◆ REQUIRED WORK: With the pictures left out, write out exactly the lines of the listing below that run from the line with "Oiseaux en cage" through the line with "FIGURA N°02: CAUCE".

◆ PROVIDED INFORMATION:
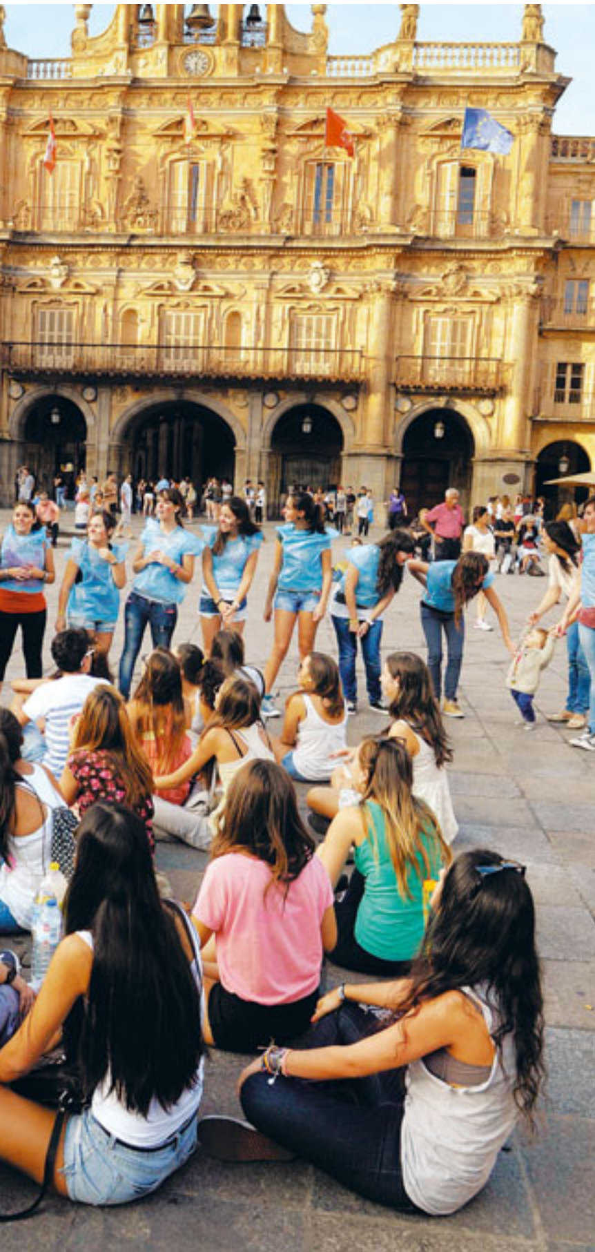
Un grupo de chicas en plena novatada./GALONGAR
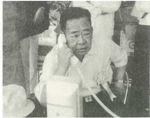
▲友好都市・稚内市の浜森市長と 記念通話する内原市長
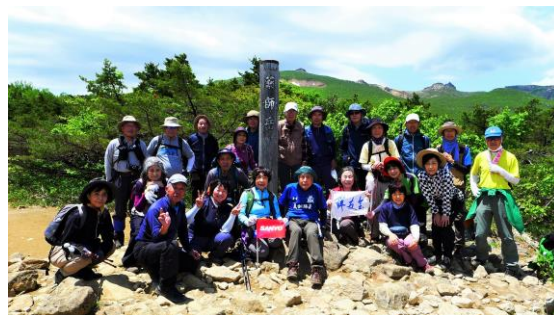
薬師岳 1354m 安達太良山山頂を背に

大泉を5時にスタート、太田桐生 IC より北関東道に乗り岩船 JTC より東北道に乗る。途中上川内 SA でトイレ休憩、台風一過を期待に胸を膨らませる。二本松 IC で降り国 459 号を走り安達太良山スキー場に 8 時 10 分到着。空は青く澄渡っていたが風が強く吹き荒れていた。建物を風除けにして身支度をしてロープウェイ駅に行くと「強風で運休」の看板ガッカリ。仕方なく薬師岳展望台に変更「この上のほんとうの空」を見に登る。
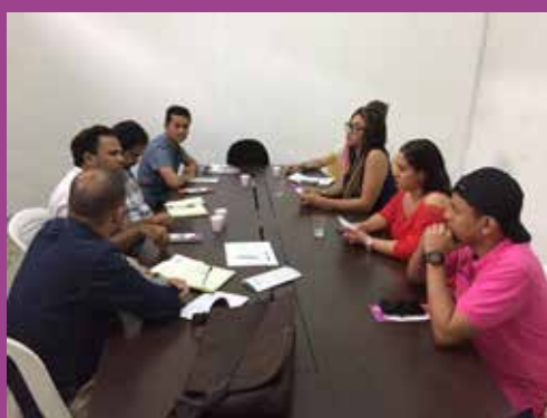
Comité Comunitario de Soledad
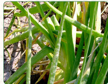
Powdery mildew (Fungus- Leveillula taurica )
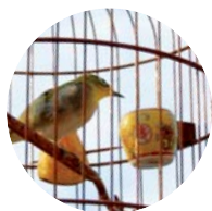
Oiseaux en cage
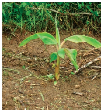
Foto 12. Colino sembrado de forma correcta
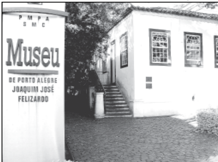
O Museu de Porto Alegre foi criado em 1979
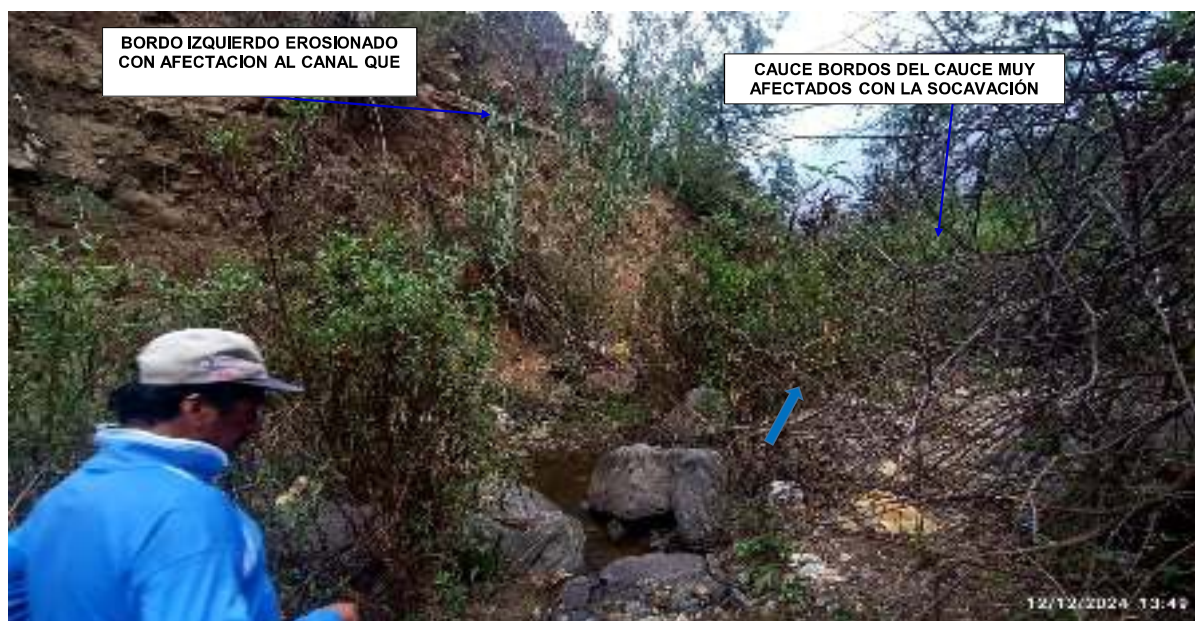
FIGURA N°02: CAUCE COLMATADO CON FLUJO DE DETRITOS Y ROCAS DE DIFERENTES TAMAÑOS, BORDO MARGEN IZQUIERDA SE ENCUENTRA EROSIONADO POR EL CAUDAL EN TIEMPOS DE AVENIDAS PONIENDO EN POLIGRO A COLAPSO DEL CANAL DE RIEGO TOMA COYLLO.
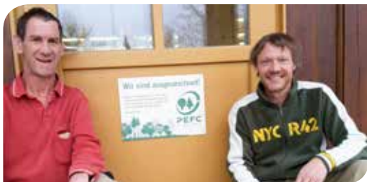
PEFC-Zertifizierung (Seite 10)
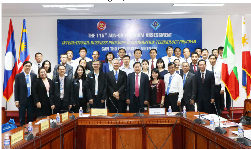
Ảnh lưu niệm với đoàn đánh giá tại buổi bế mạc.

Tại đợt đánh giá ngoài lần này, các chuyên gia đánh giá rất cao tâm huyết và nỗ lực của Trường ĐHCT trong hoạt động đảm bảo chất lượng đào tạo của Nhà trường nói riêng và đồng hành cùng với các hoạt động của AUN nói chung. Những kết quả chứng nhận các chương trình đạt chuẩn AUN cũng như những bài học kinh nghiệm tích lũy được về công tác đảm bảo tiêu chuẩn chất lượng giáo dục khu vực ASEAN trong những lần đánh giá ngoài vừa qua sẽ tạo động lực rất lớn giúp Nhà trường tiếp tục đạt được những kết quả như mong đợi, khẳng định một cách mạnh mẽ chất lượng cũng như uy tín và thương hiệu ĐHCT.
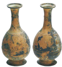
銅製花瓶 (長岡市大武遺跡)

新潟県埋蔵文化財調査事業団が発掘調査し、現在は市町村に譲与された出土品を中心に、新潟県の歴史を紐解くうえで重要な遺物を選別して展示します。各市町村を訪れないと観られない優品がめじろ押しです。
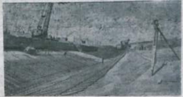
САРАТОВСКАЯ ОБЛАСТЬ. Десятки тысяч кубических метров бетона уложены в фундамент будущего здания Саратовской ГЭС. В настоящее время строители возводят железобетонные плиты водобоя, толщина их 2,5 метра.
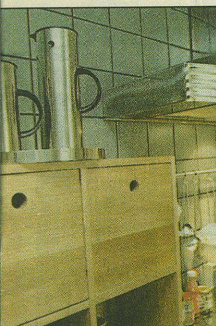
Der er ingen af i køkkenet. Til gengæld er skufferne i egetræ.
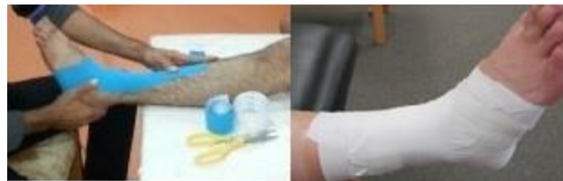
شکل ۱- روش چسباندن تیپ سفید (سمت راست) و تیپ کنزیو (سمت چپ)

بعد از چسباندن تیپ و سپری شدن ۲۰ دقیقه جهت ایجاد اثرات حاصل از تیپ، از آزمودنی‌ها خواسته شد که تا شاخص تعبیه‌شده در 50\% حداکثر پرش عمودی هر یک از آن‌ها پرش نموده و با پای غالب خود فرود تک‌پا انجام داده و با قراردادن دست در ناحیه لگن پایدار شوند و به
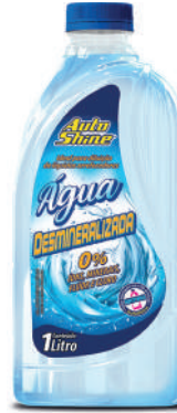
2104 AGUA DESMINERALIZADA 1L CX/12 7897217332566
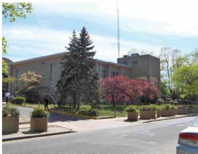
בנין הישיבה הישן של ליקווד
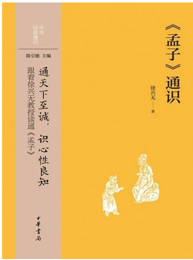
《《孟子》通识》 徐兴无 著 中华书局
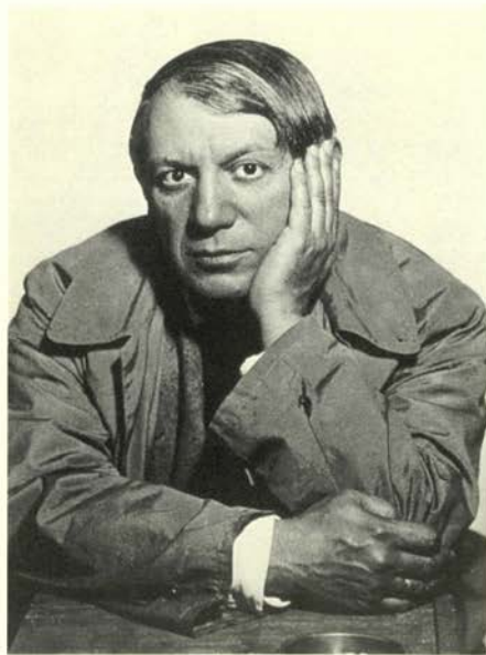
Pablo Picasso. 1933 Musée National d'Art Moderne Centre Georges Pompidou, París.

Pronto experimenta con las posibilidades plásticas de la fotografía, inventando la rayografía (la fotografía sin cámara) en
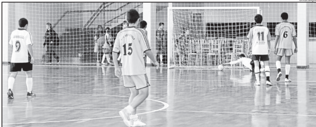
Nesta semana jogam as categorias mirim e juvenil masculino e juvenil feminino

No infantil masculino são três chaves, com nove equipes. A chave A tem as equipes do Colégio
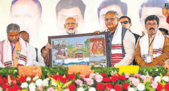
गुमला जिले में एक रैली के दौरान झारखंड भाजपा अध्यक्ष बाबूलाल मरांडी और अन्य द्वारा प्रधानमंत्री नरेंद्र मोदी का अभिनंदन किया गया।

बोकारो, एजेंसी प्रधानमंत्री नरेंद्र मोदी ने रविवार को आरोप लगाया कि कांग्रेस अनुसूचित जाति, अनुसूचित जनजाति और अन्य पिछड़ा वर्ग (ओबीसी) को तोड़कर उन्हें छोटी-छोटी जातियों में बांटना चाहती है। उन्होंने झारखंड की जनता को एकजुट रहने का संदेश देते हुए एक हैं तो सेफ (सुरक्षित) हैं का नारा भी बुलंद किया। झारखंड विधानसभा चुनाव के मद्देनजर यहां एक रैली को संबोधित करते हुए मोदी ने दावा किया कि कांग्रेस ने देश की आजादी के बाद समाज के इस बिखराव का चुनावी फायदा उठाया और केंद्र में सरकारें बनाती रही। उन्होंने कहा, कांग्रेस हमेशा से
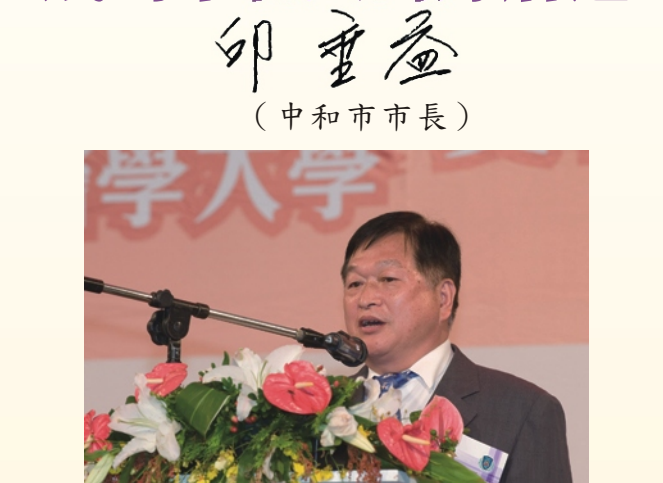
印重益 (中和市市長)

印重益市長肯定雙和對中和市民的醫療服務 長久以來，中和市市民若有就醫需求，總是要搭車前往台北市或他地就醫，才有更多醫療資源可供選擇，不僅舟車勞頓且耗費時間，更讓行動不便的老人或是弱勢者望之卻步而延誤就醫。 這主要是因為縣市的醫療資源分配失衡，中和市民遇有重症患者及緊急醫療需求時，常發生醫院病床數不足，而無法順利住院接受治療；或是錯失了黃金急救的時機，不能將病人的傷害降到最低。 自從雙和醫院於97年7月開始營運後，這項困擾市民的問題終於解決了不少，雙和不僅著重發展全方位的醫療服務，並積極的融入在地，如提供免費接駁車以利民眾就近地順利就醫；且持續地舉辦社區健康講座、社區巡迴義診，希望以此讓民眾獲得正確的保健觀念，進而預防種種疾病的發生。 對中和人來說，這的確是個好消息，再加上其許多重量級的先進醫療儀器，及陣容堅強的專業醫療團隊，讓一般疾病或是重症患者，都能獲得妥善而有效的醫療服務，儘可能地讓市民朋友在短期內恢復健康。此外，醫療人員的專業與貼心照護，尤其能展現出以人為本、視病如親的最佳價值及服務口碑。連院內的志工朋友們，也總是和藹可親地導引民眾就診，讓就醫病患與陪診朋友都能感受到整體醫療服務的高品質。(文轉次版)

◆ ANSWER TO THE PROBLEM:
Oiseaux en cage
Foto 12. Colino sembrado de forma correcta
O Museu de Porto Alegre foi criado em 1979
FIGURA N°02: CAUCE COLMATADO CON FLUJO DE DETRITOS Y ROCAS DE DIFERENTES TAMAÑOS, BORDO MARGEN IZQUIERDA SE ENCUENTRA EROSIONADO POR EL CAUDAL EN TIEMPOS DE AVENIDAS PONIENDO EN POLIGRO A COLAPSO DEL CANAL DE RIEGO TOMA COYLLO.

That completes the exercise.